── INPUT DATA ──

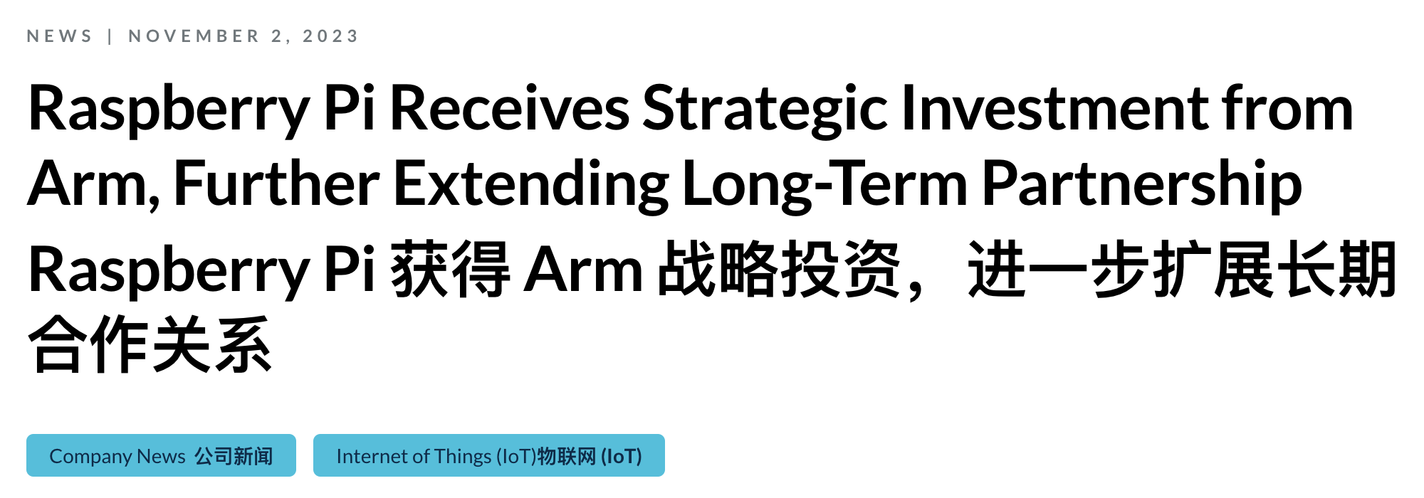 Arm 宣布已对树莓派 (Raspberry Pi) 进行战略投资,并收购了后者的少部分股权,进一步扩大两家公司之间的长期合作伙伴关系,携手为物联网开发者社区提供关键解决方案。
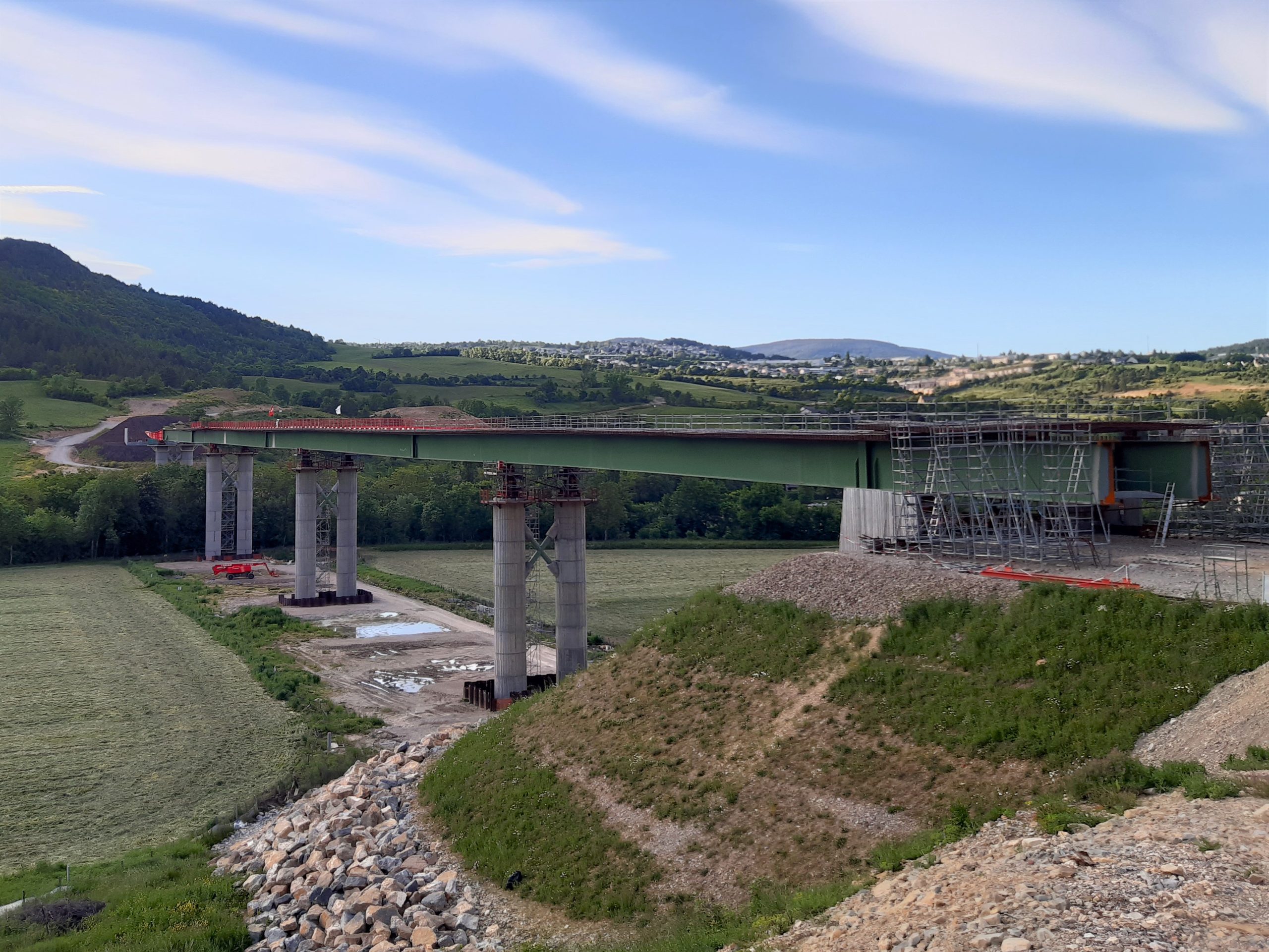 I lavori di estensione della Strada Nazionale RN88 (da Toulouse a Lione – Francia), hanno portato alla recente realizzazione della circonvallazione della città di MENDE grazie alla costruzione del Viadotto del Lot. Un ponte di 323 m di lunghezza in 5 campate (53 m – 3×75 m – 45 m). Si tratta del primo ponte stradale a doppia azione mista realizzato in Francia. Rispetto ai ponti misti tradizionali, questa architettura permette di ottimizzare le quantità di calcestruzzo e di acciaio in prossimità delle pile, grazie all’aggiunta di una soletta inferiore. Questa tecnica necessita di adattamenti nei dettagli costruttivi già alla concezione del progetto. Tale metodo costruttivo permette di sfruttare appieno le capacità plastiche dei materiali: in corrispondenza delle pile si passa da una rottura per instabilità a una rottura plastica. Il ponte è stato equipaggiato con un sistema di misurazione delle deformazioni e delle temperatura, in 150 punti di misura ad alta frequenza, ed entrerà in servizio a fine 2023.
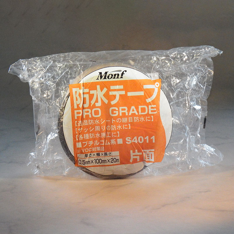 ポリエチレンネット基材にブチルゴム系の粘着剤を片面に塗布した、防水性・気密性に優れた防水機密テープです。断熱材・気質ボード・透湿シートの繋ぎ目や、サッシ周りの防水に適しています。1巻ピロー包装。
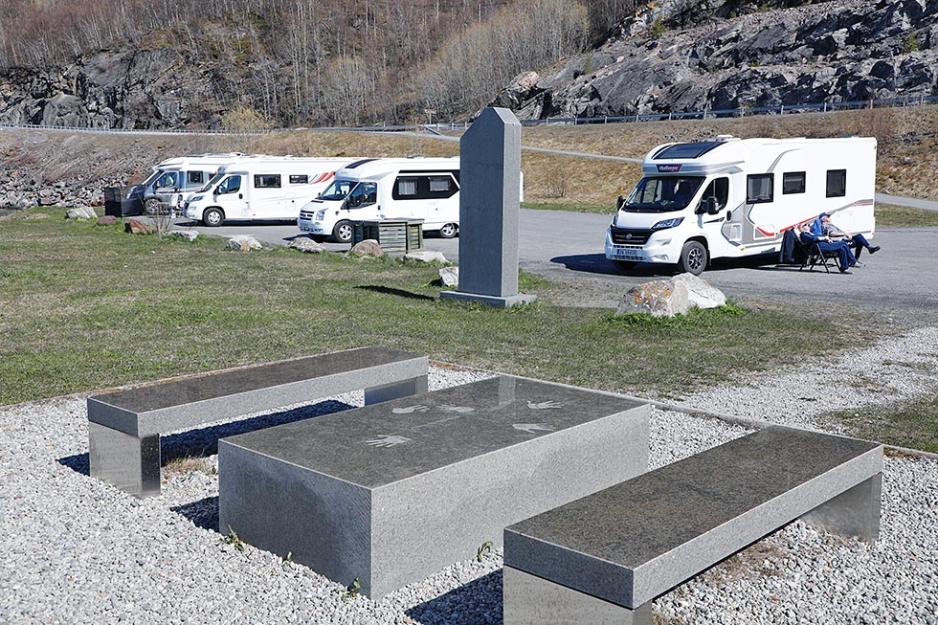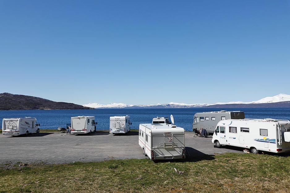 På rasteplassen er det en drøy håndfull bobiler som får stå helt i ro denne flotte vårdagen. Eierne har slått seg ned i gode stoler på solsiden. Bord dekket med duker får jobben med å passe på vafler og kaffekanner, som trylles frem. Flere av de bobilreisende holder hverandre med selskap, praten summer overalt og det er lett å finne felles glede i sola og med våren som endelig er her.
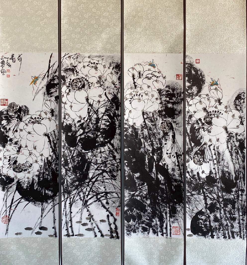 chinese painting-chinese ink painting/Lotus (22X66cm)*4
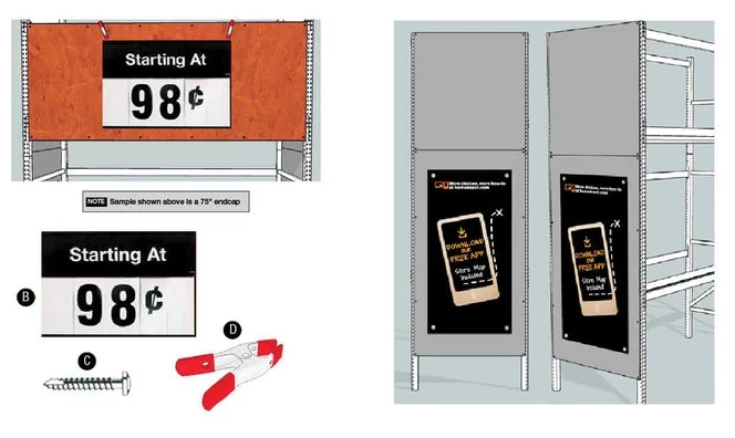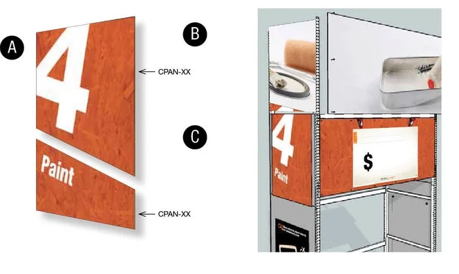 Inside the store, not all holiday items could fit into the holiday section and had to be located in different locations around the store. An Easy Find Bay Identifier System was the result. This visual system directed customers to additional holiday inventory and provided important visual cues, such as the tree height chart, allowing shoppers to plan and purchase their ideal holiday home purchases.

───

- **WORK ITEM**:
From the line containing "På rasteplassen er" to the end of the data above, give those lines again verbatim, with both endpoints included and no images.

- **ANSWER TO THE PROBLEM**:
 På rasteplassen er det en drøy håndfull bobiler som får stå helt i ro denne flotte vårdagen. Eierne har slått seg ned i gode stoler på solsiden. Bord dekket med duker får jobben med å passe på vafler og kaffekanner, som trylles frem. Flere av de bobilreisende holder hverandre med selskap, praten summer overalt og det er lett å finne felles glede i sola og med våren som endelig er her.
 chinese painting-chinese ink painting/Lotus (22X66cm)*4
 Inside the store, not all holiday items could fit into the holiday section and had to be located in different locations around the store. An Easy Find Bay Identifier System was the result. This visual system directed customers to additional holiday inventory and provided important visual cues, such as the tree height chart, allowing shoppers to plan and purchase their ideal holiday home purchases.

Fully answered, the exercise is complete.